WHAT IS NEEDED → With the pictures removed, set down all of the entries below exactly.

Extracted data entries
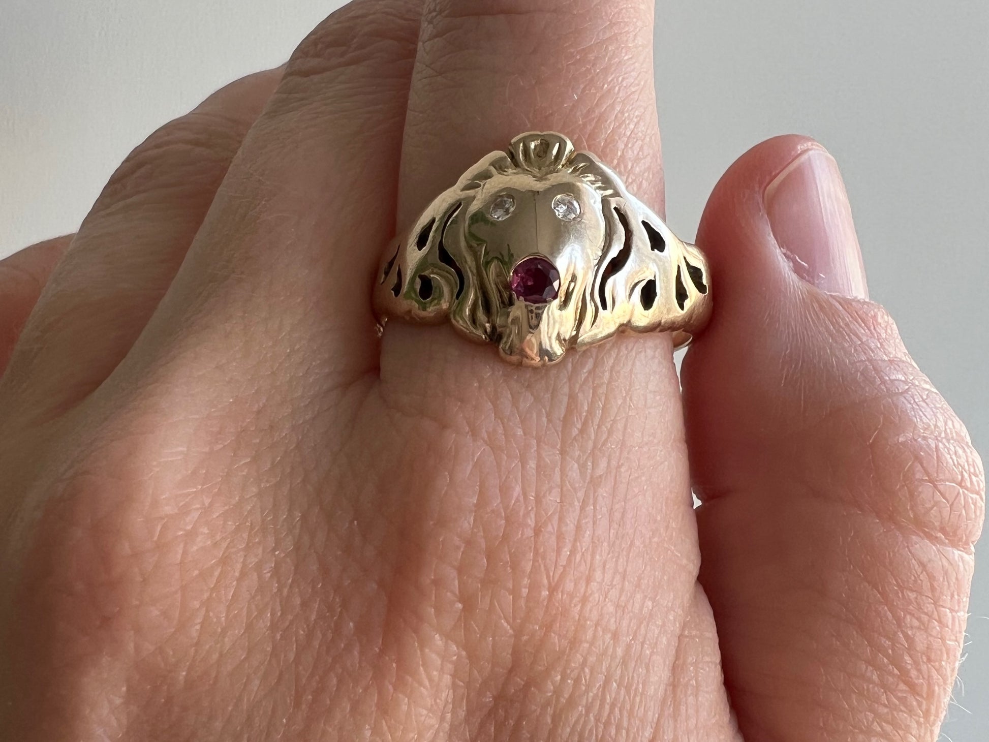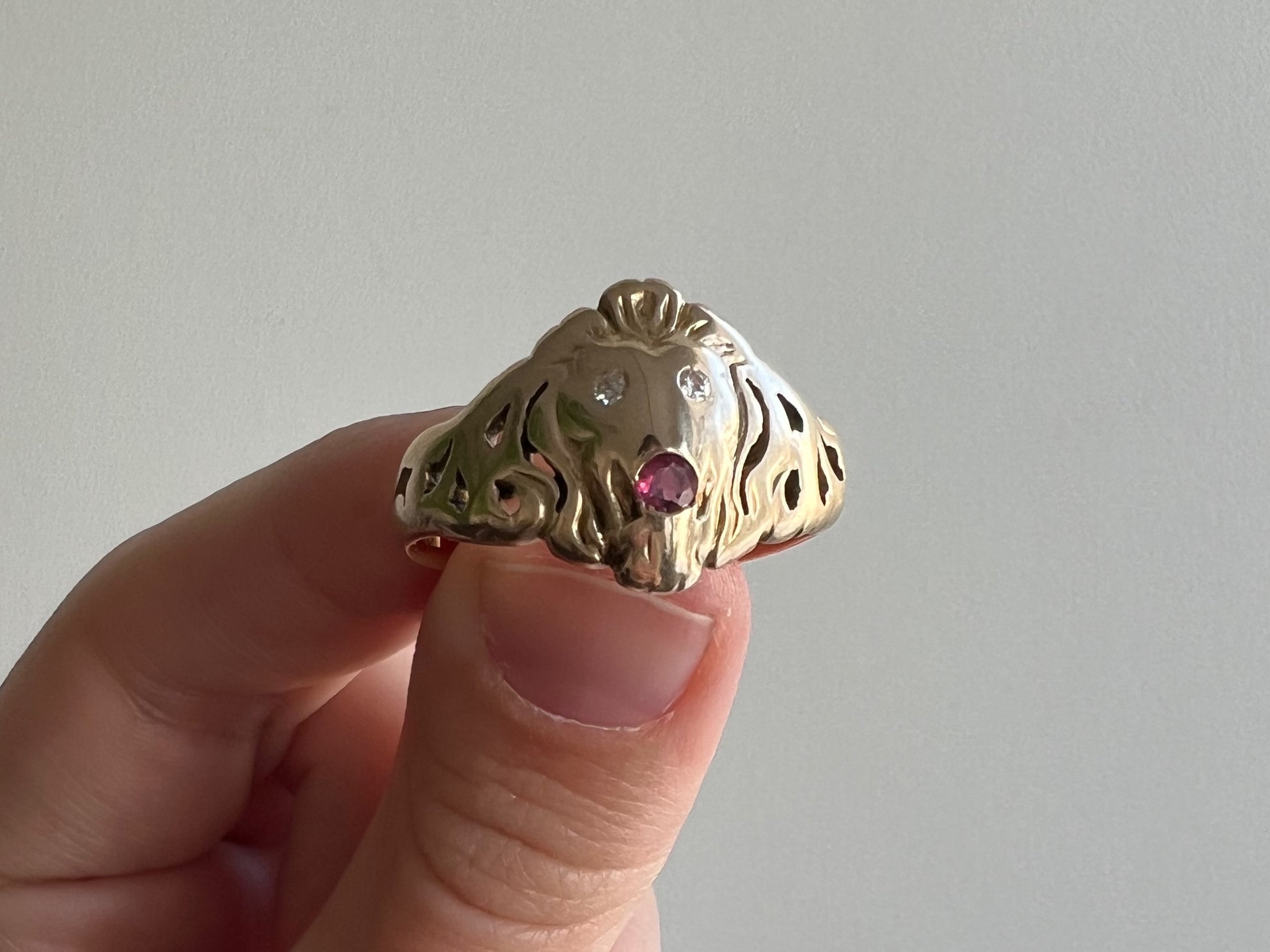 A N T I Q U E // aging roar / 10k yellow gold with ruby and diamond / size 11
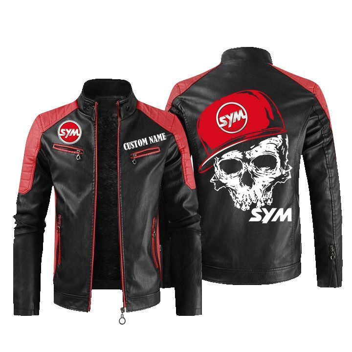 Custom Name Skull Design SYM Motors Leather Biker Jacket
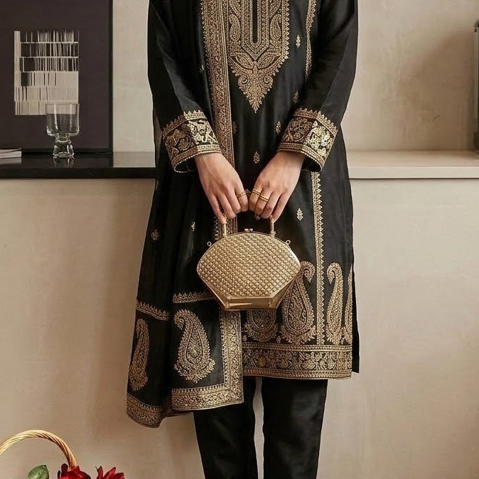 Features: Integrated top handle, detachable gold-tone chain strap, and secure clasp closure.
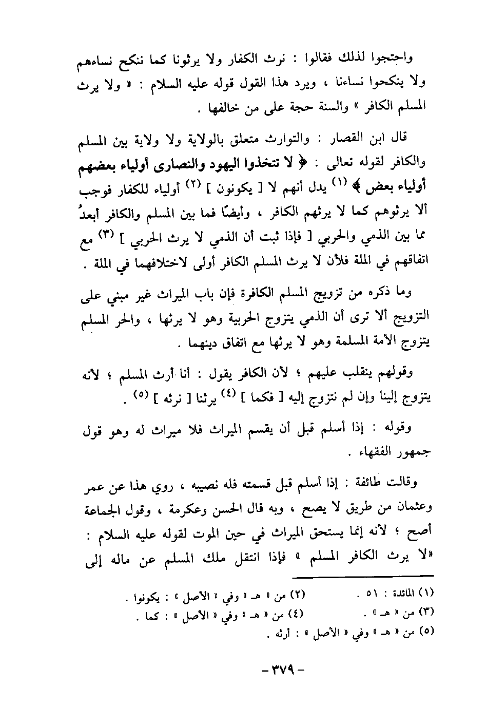 واحتجو لذلك فقالوا: نرث الكفار ولا يرثونا كما ننكح نساءهم ولا ينكحوا نساءنا، ويرد هذا القول قوله (صلى الله عليه وسلم) : (ولا يرث المسلم الكافر) والسنة حجة على من خالفها. قال ابن القصار: والتوارث متعلق بالولاية ولا ولاية بين المسلم والكافر لقوله تعالى: (لا تتخذوا اليهود والنصارى أولياء بعضهم أولياء بعض) [المائدة: 51] يدل أنهم لا يكونون أولياء للكافر فوجب ألا يرثوهم كما لا يرثهم الكافر، وأيضًا فما بين المسلم والكافر أبعدُ مما بين الذمى والحربى فإذا ثبت أن الذمى لا يرث الحربى مع اتفاقهم فى الملة فلأن لا يرث المسلم الكافر أولى لاختلافهما فى الملة. وما ذكره من تزويج المسلم الكافرة فإن باب الميراث غير مبنى على التزويج ألا ترى أن الذمى يتزوج الحربية وهو لا يرثها، والحر المسلم يتزوج الأمة المسلمة وهو لا يرثها مع اتفاق دينهما. وقولهم ينقلب عليهم؛ لأن الكافر يقول: أنا أرث المسلم؛ لأنه يتزوج إلينا وإن لم نتزوج إليه فكما يرثنا نرثه. وقوله: إذا أسلم قبل أن يقسم الميراث فلا ميراث له وهو قول جمهور الفقهاء. وقالت طائفة: إذا أسلم قبل قسمته فله نصيبه، روى هذا عن عمر وعثمان من طريق لا يصح، وبه قال الحسن وعكرمة، وقول الجماعة أصح؛ أنه إنما يستحق الميراث فى حين الموت لقوله (صلى الله عليه وسلم) : (لا يرث الكافر المسلم) فإذا انتقل ملك المسلم عن ماله إلى
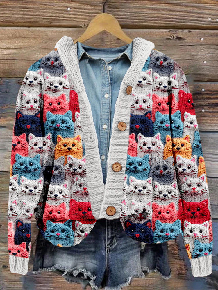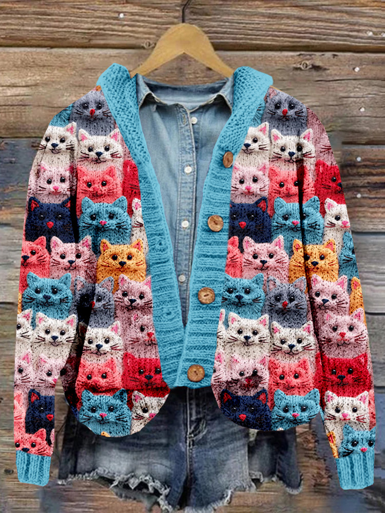 Colorful Cute Cats Embroidered Cozy Hooded Cardigan
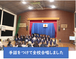 【お知らせ】 ★学校より★(左側のバナーをクリックしてください) ・学校通信(1月号) ![]() ・2月下校時刻変更のお知らせ ![]() ・緊急時(台風・大雨等)の対応について ★国・県・町からのお知らせ★ GIGAワークブックふくおか ネットの特性や問題点を理解し、トラブルが起きた場合の対応を自ら考える活用型の情報モラル教材です。(福岡県教育委員会作成) ※左記のリンク「学習支援サイト」は家庭学習にご活用ください。 ★片島小 トピック★ ![]() 11月29日(土)、第2回目となる片島小学校人権フェスティバルが開催されました。 今年もマイケル社長の熱い講演会を皮切りに、子どもたちの学習発表やクイズ大会、縦割りチーム大繩とび、 全校合唱と盛りだくさんの内容でした。 たくさんのおうちの方や地域の方に見守られながら、これまでの学習の成果を発揮して、 どの子も一生懸命取り組みました。 友達と協力しながら頑張る子どもたちの笑顔がたくさんあふれた一日となりました。 これからも全校が一体となって活動できる小 規模校の良さを生かした取組を進めていきます。 |
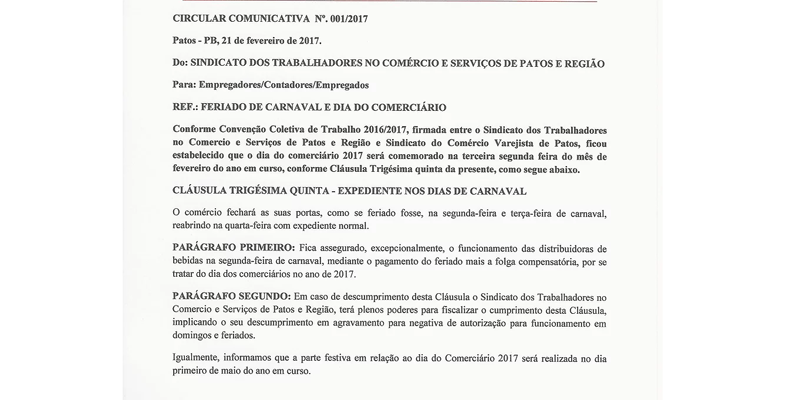 O Sindicato dos Trabalhadores no Comércio e Serviços de Patos e Região (Sintracs) informou que nesta segunda-feira de Carnaval, 27, será comemorado o Dia do Comerciário, e ficou acertado com o comércio que na terça-feira, 28, os estabelecimentos também serão fechados. Só quem pode abrir são as distribuidoras de bebidas.
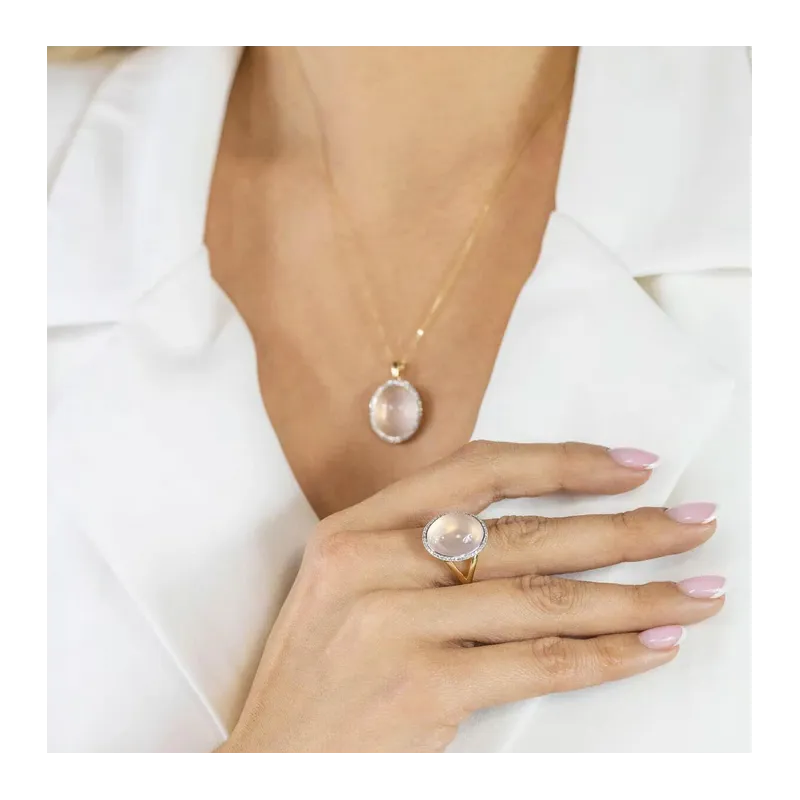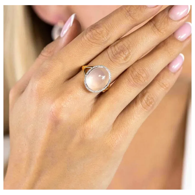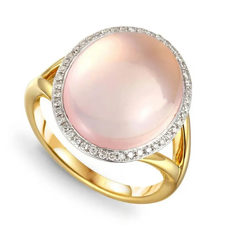 PIERŚCIONEK ZŁOTY Z RÓŻOWYM KWARCEM I DIAMENTAMI
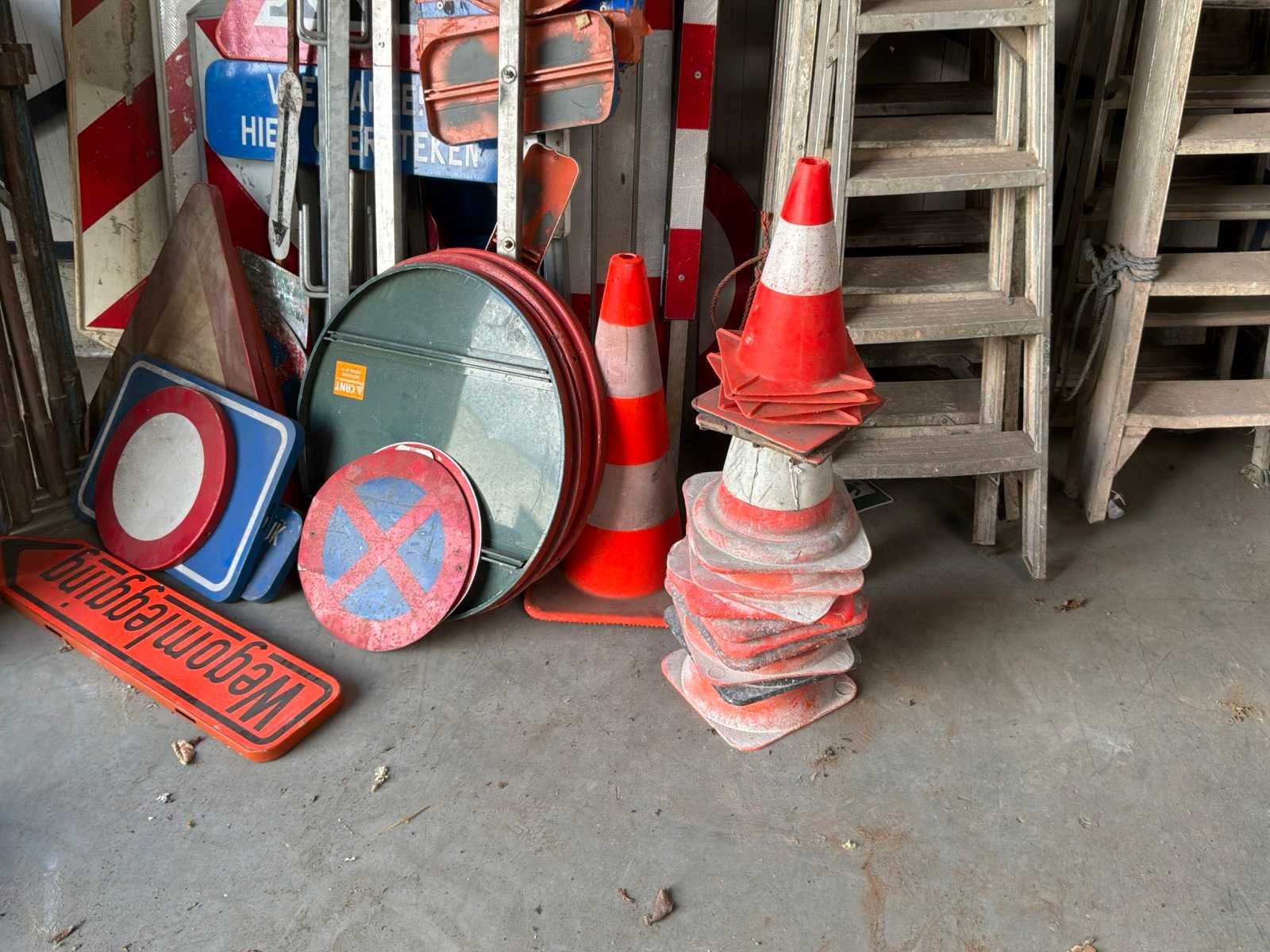 Diverse signalisatie- en verkeersborden, alsook 6x dagslaper, circa 15 signalisatiekegels Nee

EXERCISE SOLUTION →
 A N T I Q U E // aging roar / 10k yellow gold with ruby and diamond / size 11
 Custom Name Skull Design SYM Motors Leather Biker Jacket
 Features: Integrated top handle, detachable gold-tone chain strap, and secure clasp closure.
 واحتجو لذلك فقالوا: نرث الكفار ولا يرثونا كما ننكح نساءهم ولا ينكحوا نساءنا، ويرد هذا القول قوله (صلى الله عليه وسلم) : (ولا يرث المسلم الكافر) والسنة حجة على من خالفها. قال ابن القصار: والتوارث متعلق بالولاية ولا ولاية بين المسلم والكافر لقوله تعالى: (لا تتخذوا اليهود والنصارى أولياء بعضهم أولياء بعض) [المائدة: 51] يدل أنهم لا يكونون أولياء للكافر فوجب ألا يرثوهم كما لا يرثهم الكافر، وأيضًا فما بين المسلم والكافر أبعدُ مما بين الذمى والحربى فإذا ثبت أن الذمى لا يرث الحربى مع اتفاقهم فى الملة فلأن لا يرث المسلم الكافر أولى لاختلافهما فى الملة. وما ذكره من تزويج المسلم الكافرة فإن باب الميراث غير مبنى على التزويج ألا ترى أن الذمى يتزوج الحربية وهو لا يرثها، والحر المسلم يتزوج الأمة المسلمة وهو لا يرثها مع اتفاق دينهما. وقولهم ينقلب عليهم؛ لأن الكافر يقول: أنا أرث المسلم؛ لأنه يتزوج إلينا وإن لم نتزوج إليه فكما يرثنا نرثه. وقوله: إذا أسلم قبل أن يقسم الميراث فلا ميراث له وهو قول جمهور الفقهاء. وقالت طائفة: إذا أسلم قبل قسمته فله نصيبه، روى هذا عن عمر وعثمان من طريق لا يصح، وبه قال الحسن وعكرمة، وقول الجماعة أصح؛ أنه إنما يستحق الميراث فى حين الموت لقوله (صلى الله عليه وسلم) : (لا يرث الكافر المسلم) فإذا انتقل ملك المسلم عن ماله إلى
 Colorful Cute Cats Embroidered Cozy Hooded Cardigan
 【お知らせ】 ★学校より★(左側のバナーをクリックしてください) ・学校通信(1月号) ![]() ・2月下校時刻変更のお知らせ ![]() ・緊急時(台風・大雨等)の対応について ★国・県・町からのお知らせ★ GIGAワークブックふくおか ネットの特性や問題点を理解し、トラブルが起きた場合の対応を自ら考える活用型の情報モラル教材です。(福岡県教育委員会作成) ※左記のリンク「学習支援サイト」は家庭学習にご活用ください。 ★片島小 トピック★ ![]() 11月29日(土)、第2回目となる片島小学校人権フェスティバルが開催されました。 今年もマイケル社長の熱い講演会を皮切りに、子どもたちの学習発表やクイズ大会、縦割りチーム大繩とび、 全校合唱と盛りだくさんの内容でした。 たくさんのおうちの方や地域の方に見守られながら、これまでの学習の成果を発揮して、 どの子も一生懸命取り組みました。 友達と協力しながら頑張る子どもたちの笑顔がたくさんあふれた一日となりました。 これからも全校が一体となって活動できる小 規模校の良さを生かした取組を進めていきます。 |
 O Sindicato dos Trabalhadores no Comércio e Serviços de Patos e Região (Sintracs) informou que nesta segunda-feira de Carnaval, 27, será comemorado o Dia do Comerciário, e ficou acertado com o comércio que na terça-feira, 28, os estabelecimentos também serão fechados. Só quem pode abrir são as distribuidoras de bebidas.
 PIERŚCIONEK ZŁOTY Z RÓŻOWYM KWARCEM I DIAMENTAMI
 Diverse signalisatie- en verkeersborden, alsook 6x dagslaper, circa 15 signalisatiekegels Nee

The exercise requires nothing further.